What is the best S&P 500 index fund? ›

Best S&P 500 index funds
  • Fidelity 500 Index Fund (FXAIX).
  • Vanguard 500 Index Fund Admiral Shares (VFIAX).
  • Schwab S&P 500 Index Fund (SWPPX).
  • State Street S&P 500 Index Fund Class N (SVSPX).

Are index funds 100% safe? ›

Are Index Funds Safe Long-Term? The short answer is yes: index funds are still safe in the long term. Only the right index funds are safe. There may be some on the market that you want to avoid.

How much of your portfolio should be in index funds? ›

The 90/10 rule in investing is a comment made by Warren Buffett regarding asset allocation.
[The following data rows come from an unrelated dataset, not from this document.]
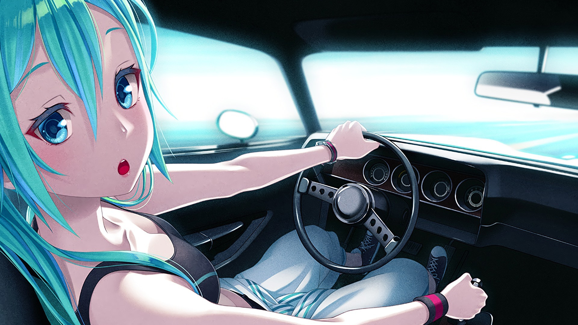 卡通人物 初音 开车 驾驶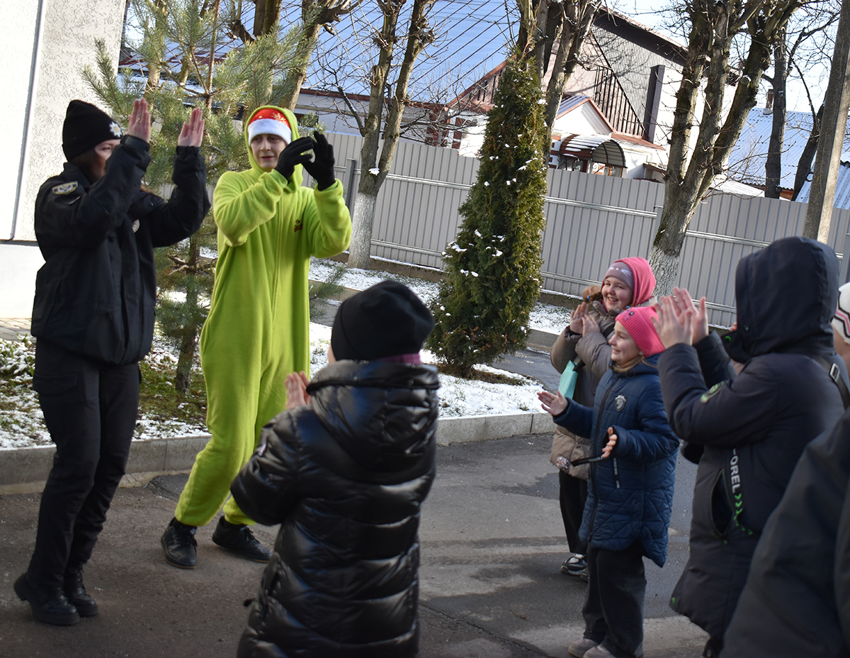 Діти отримали теплі вітання зі святами, а у відповідь подарували господарям щирі різдвяні колядки. Навіть Грінч зрештою приєднався до святкування 😉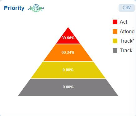 The Priority pyramid chart organizes risks into four prioritized categories: Act, Attend, Track*, and Track. This framework is designed to guide remediation efforts effectively.
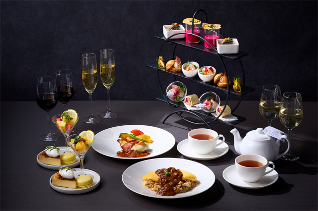 ホテルJALシティ福岡 天神では、イギリス発祥のハッシュドビーフをアレンジした「オムライス ハッシュドビーフソース」はじめ、3種類のメインディッシュから選べる『イブニングハイティー』を用意。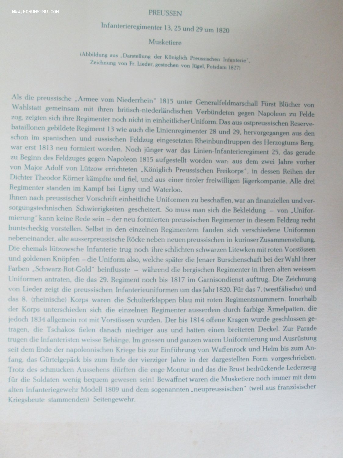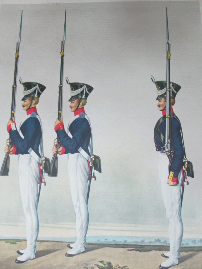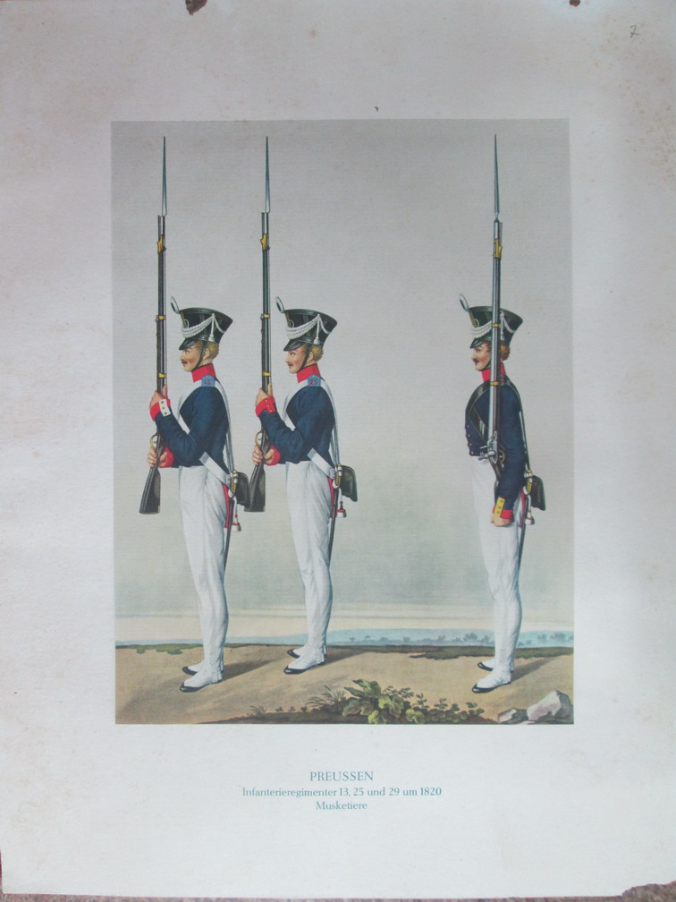 Гравюра из альбома."Darstellung der Koniglich Preussischen Infanterie" Подсдам 1827год. Состояли под командой фельдмаршала Блюхера. Гравюра на бумаге верже наклеянная на ватман с текстом.Гравюра на стали ,раскраска акварелью.Размер 43,8х33,5см. МПЦ 5000р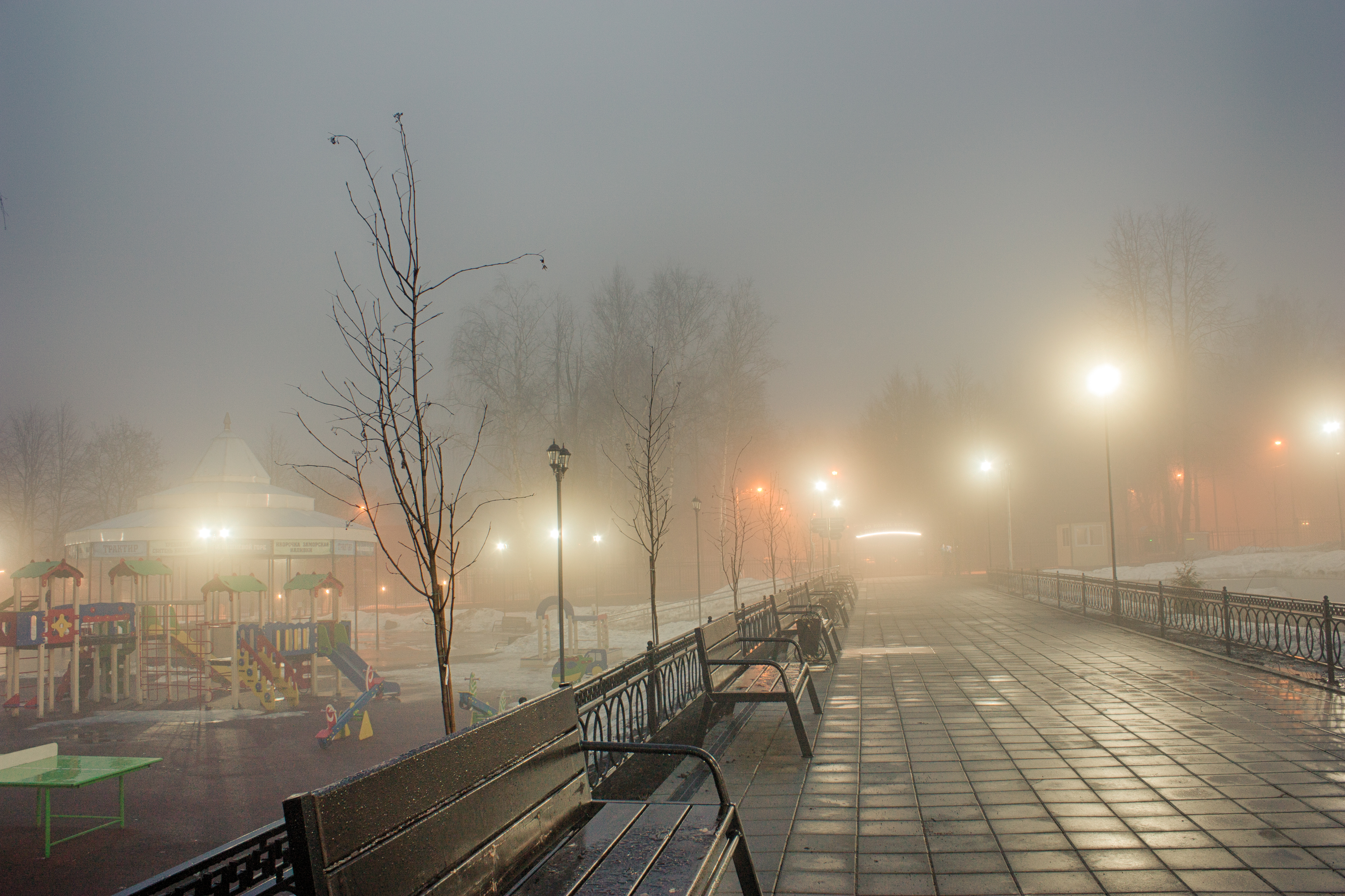 Ночной парк в тумане. Сделал теплый свет, перспектива в светящуюся арку. "Ламповый СайлентХилл" )

The rule stipulates investing 90% of one's investment capital toward low-cost stock-based index funds and the remainder 10% to short-term government bonds.

Should I put all my money in a money market fund? ›

Key Insights. If you're saving for something you'll need the money for in less than three to five years, saving in a money market fund may make sense for you. Money market funds are ideal for short-term saving because they invest in highly liquid securities with the objective of capital preservation and income.

What is the main disadvantage of investing in index funds? ›

The benefits of index investing include low cost, requires little financial knowledge, convenience, and provides diversification. Disadvantages include the lack of downside protection, no choice in index composition, and it cannot beat the market (by definition).